TASK PROMPT ::
Print, word for word, only the lines from the one with "每日市场洞察 – 2025年12月17日" down to the last line of the listing below; no pictures.
INFORMATION SHOWN START
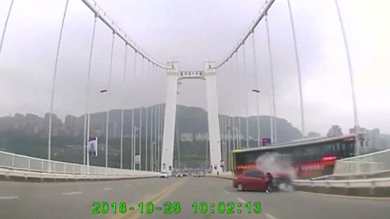 En ese momento se observa cómo pierde el control del vehículo y trata de recuperarlo, pero ya es tarde. Choca contra un auto que venía en sentido contrario, rompe la baranda del puente y cae desde una altura de 70 metros al río Yangtze.
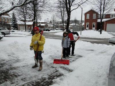 這些小孩,鏟雪像無頭蒼蠅,常常鏟了幾個鐘頭後,還看不到甚麼成績。然後在大人一再一再口頭指導之後,慢慢有個樣子了。(這些大人,都躲在房子裡用嘴巴鏟雪啦!)
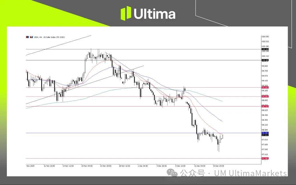每日市场洞察 – 2025年12月17日 | Ultima Markets 昨日公布的延迟美国劳动力与消费数据对经济前景造成"双重冲击",显示经济动能明显减弱,强化了2026年美联储进一步宽松的预期。 非农就业数据表现疲弱 延迟发布的10–11月非农就业(NFP)数据显示美国劳动力市场混合但令人担忧: 更重要的是,失业率从4.4%升至4.6%,为四年来最高水平。虽然招聘并未完全停滞,但失业率上升表明劳动力市场宽松速度超过预期。 这一发展强化了2026年美联储进一步降息的理由,市场对降息预期已超过最新点阵图显示的单次降息水平。 消费与商业活动动能减弱 消费者支出和商业信心指标的疲软进一步印证了经济降温迹象: 技术面显示美元在初跌后出现短期反弹,表明市场部分反应已提前计入。然而整体前景依然不明朗。 目前的任何反弹可能是"逢高卖出"机会,关键水平为98.00,阻力位在98.70附近,除非数据超预期,否则美元仍承压。 风险资产与美国指数展望 最新美国经济数据指向早期放缓迹象,使风险情绪趋缓。尽管企业盈利和板块韧性支撑市场,短期上行空间有限,暗示近期可能在高位盘整。 显示高企的价格和劳动力市场走软正在抑制家庭需求,尤其 ...
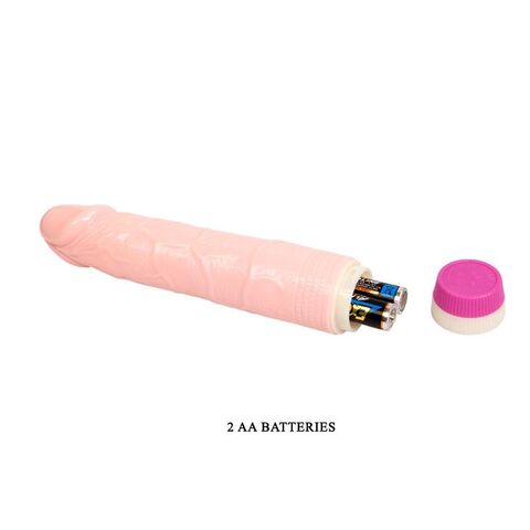 Вибратор телесного цвета. Имеет форму члена с ярко выраженной головкой. Рельефный, выполненный из материала ТПР. Скорость вибрации регулируется кнопкой у основания изделия. Рабочая длина - 19 см.
INFORMATION SHOWN END
EXERCISE SOLUTION ::
每日市场洞察 – 2025年12月17日 | Ultima Markets 昨日公布的延迟美国劳动力与消费数据对经济前景造成"双重冲击",显示经济动能明显减弱,强化了2026年美联储进一步宽松的预期。 非农就业数据表现疲弱 延迟发布的10–11月非农就业(NFP)数据显示美国劳动力市场混合但令人担忧: 更重要的是,失业率从4.4%升至4.6%,为四年来最高水平。虽然招聘并未完全停滞,但失业率上升表明劳动力市场宽松速度超过预期。 这一发展强化了2026年美联储进一步降息的理由,市场对降息预期已超过最新点阵图显示的单次降息水平。 消费与商业活动动能减弱 消费者支出和商业信心指标的疲软进一步印证了经济降温迹象: 技术面显示美元在初跌后出现短期反弹,表明市场部分反应已提前计入。然而整体前景依然不明朗。 目前的任何反弹可能是"逢高卖出"机会,关键水平为98.00,阻力位在98.70附近,除非数据超预期,否则美元仍承压。 风险资产与美国指数展望 最新美国经济数据指向早期放缓迹象,使风险情绪趋缓。尽管企业盈利和板块韧性支撑市场,短期上行空间有限,暗示近期可能在高位盘整。 显示高企的价格和劳动力市场走软正在抑制家庭需求,尤其 ...
 Вибратор телесного цвета. Имеет форму члена с ярко выраженной головкой. Рельефный, выполненный из материала ТПР. Скорость вибрации регулируется кнопкой у основания изделия. Рабочая длина - 19 см.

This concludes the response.